一般に不動産流通市場では、その共有持分がそれに接する各宅地の所有権に随伴することが予定されており、共有持分のみが単独で取引されることがないから、価値は0と評価されている。私道の価値は、それを必要とするそれぞれの宅地に全て吸収されてしまっているのである。

不動産の表示に関する公正競争規約(第8条)では、売地に私道がある場合、「土地面積」にそれを加えてはならず、「土地面積」と「私道負担」を別々に記載することとされている。例えば「土地面積120.50u、別途私道負担10.20u」といった具合である。その価格は、私道負担があることを前提とした価格ではあるが、単価を求める場合には、それを含まない「土地面積」で除するのが普通である。即ち私道そのものに価値はなく、価値を全て吸収された残りカスと考えられる。

ところで、このような私道の固定資産税・都市計画税はどうなっているだろうか。

大阪市の場合、私道の評価額を@「公共の用に供する道路」は非課税、A「公共用道路に準ずる道路」は0評価、B「その他の道路」は付近の土地の価格の10分の1、と定めている。それぞれの認定基準は煩雑なのでここでは触れないが、@Aの差はザックリ言うと、通り抜けられる(@)か行き止まり(A)かの相違と考えてよいだろう。

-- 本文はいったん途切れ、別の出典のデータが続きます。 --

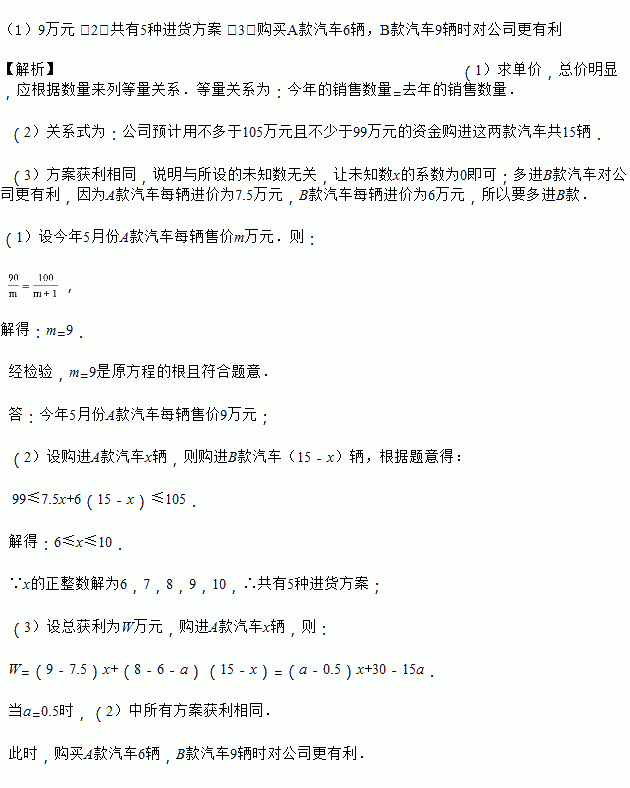 (2)为了增加收入,汽车销售公司决定再经销同品牌的B款汽车,已知A款汽车每辆进价为7.5万元,B款汽车每辆进价为6万元,公司预计用不多于105万元且不少于99万元的资金购进这两款汽车共15辆,有几种进货方案?

一方、相続税法上の評価(財産評価基本通達による評価)はどうなっているだろうか。通達によると、「私道の用に供されている宅地」は100分の30、それが「不特定多数の者の通行の用に供されているとき」は評価しない、こととされている。国税庁は「タックスアンサー」で、前者は「例えば、通抜け道路のように」と説明し、後者を「例えば、袋小路のような」と説明している。

土地区画整理事業の施行に当たっても、このような私道の評価が必要となってくる。ある土地区画整理事業における「換地設計方針」を見てみると次の通りだ。「非認定道路で非課税のものは20%、非認定道路で課税のものは30%とする。ただし、一般の用に供しない非認定道路については、それぞれ5%を加算する。」ここで「非認定道路」は私道と考えてよいだろう。「課税・非課税」は固定資産税の話である。

大まかな感触として、固定資産評価は毎年の税額に直結するので納税者に寄り添って安目に、換地設計方針による評価は従前宅地所有者が納得しやすいように高めに、という感じがする。

私道は不動産流通市場でカス扱い(全部吸収説)されつつ、公的には上記の如く価値の残存が認められる場合(一部残存説)がある。ただこの場合、それぞれの宅地を「全部吸収説」で評価しつつ、私道について「一部残存説」で評価していては、二重評価になってしまう。慎重な議論と検討が必要な論点である。